“Could you please review all the previous pitch decks and substitute ‘crypto’ with ‘A.I.’?”
This particular line from a New Yorker cartoon by Benjamin Schwartz perfectly captures the emerging trend of AI washing in Silicon Valley.
AI washing may sound like just another marketing tactic, but it is a nuanced and intricate phenomenon. It is crucial for all readers of this article – whether technology leaders, marketers, product developers, users, or IT professionals – to recognize the exaggerations, skewed priorities, and outright falsehoods that permeate not only marketing and sales but also the narratives we consume based on industry assertions.
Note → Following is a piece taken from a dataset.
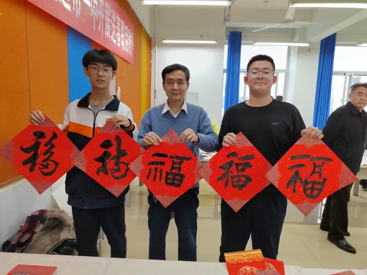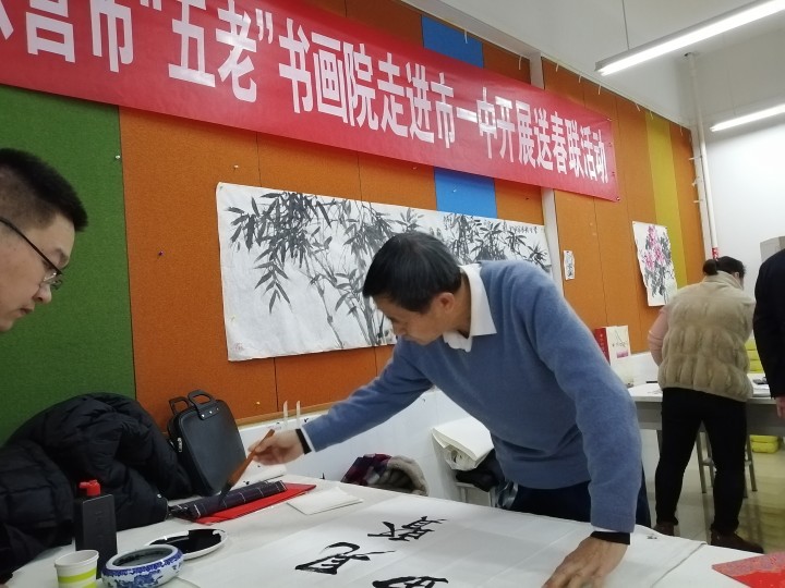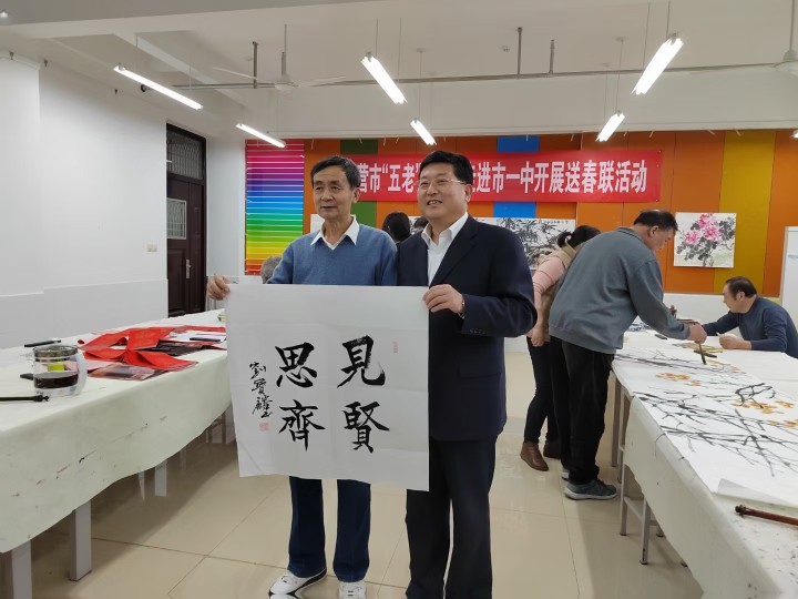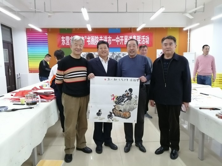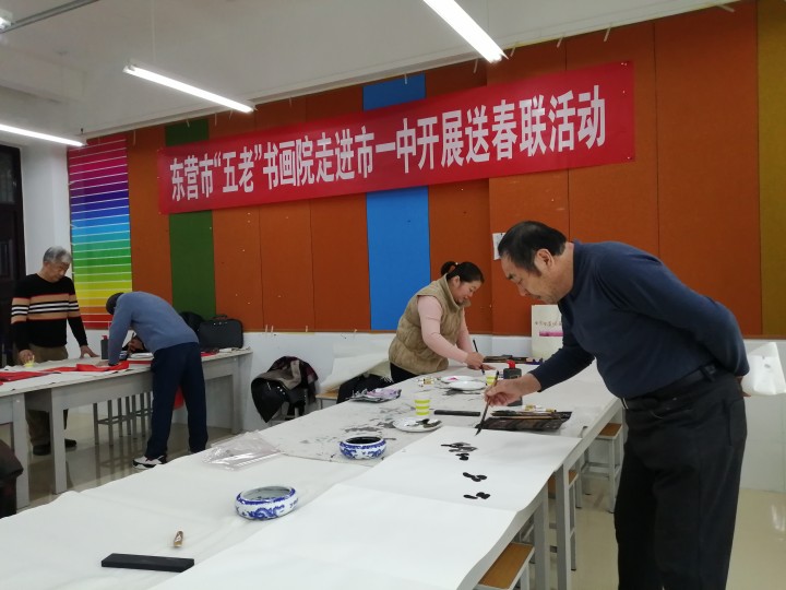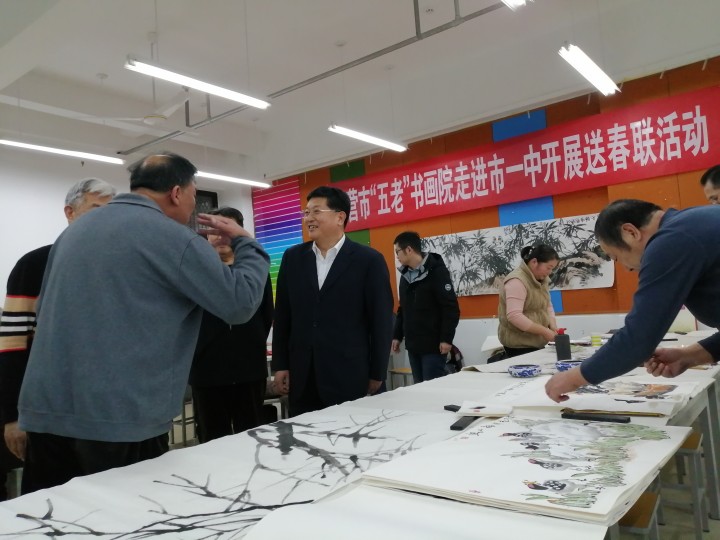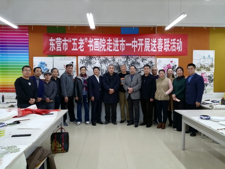 1月12日,东营市“五老”志愿者协会会长孙三民,书画院院长盖福山,秘书长韩祥明及艺术家刘宝麟、徐能凯、张守华、薄纯祥等一行,走进市一中开展书画进校园送春联活动。

Unveiling the Facade of AI Washing
AI washing is a misleading marketing strategy that exaggerates the significance of artificial intelligence in the product or service being endorsed. The term draws inspiration from “greenwashing,” a concept introduced by environmentalist Jay Westerveld in 1986, where consumer goods are marketed as eco-friendly regardless of their environmental impact.
Products utilizing traditional algorithms are branded as “AI-powered,” capitalizing on the lack of a universally accepted definition of what constitutes AI. Startups develop applications that connect to a readily available generative AI API and market them as AI applications. Large-scale AI projects that are meant to showcase cutting-edge technology often rely on human intervention behind the scenes, as humans are indispensable for the successful operation of ambitious AI solutions.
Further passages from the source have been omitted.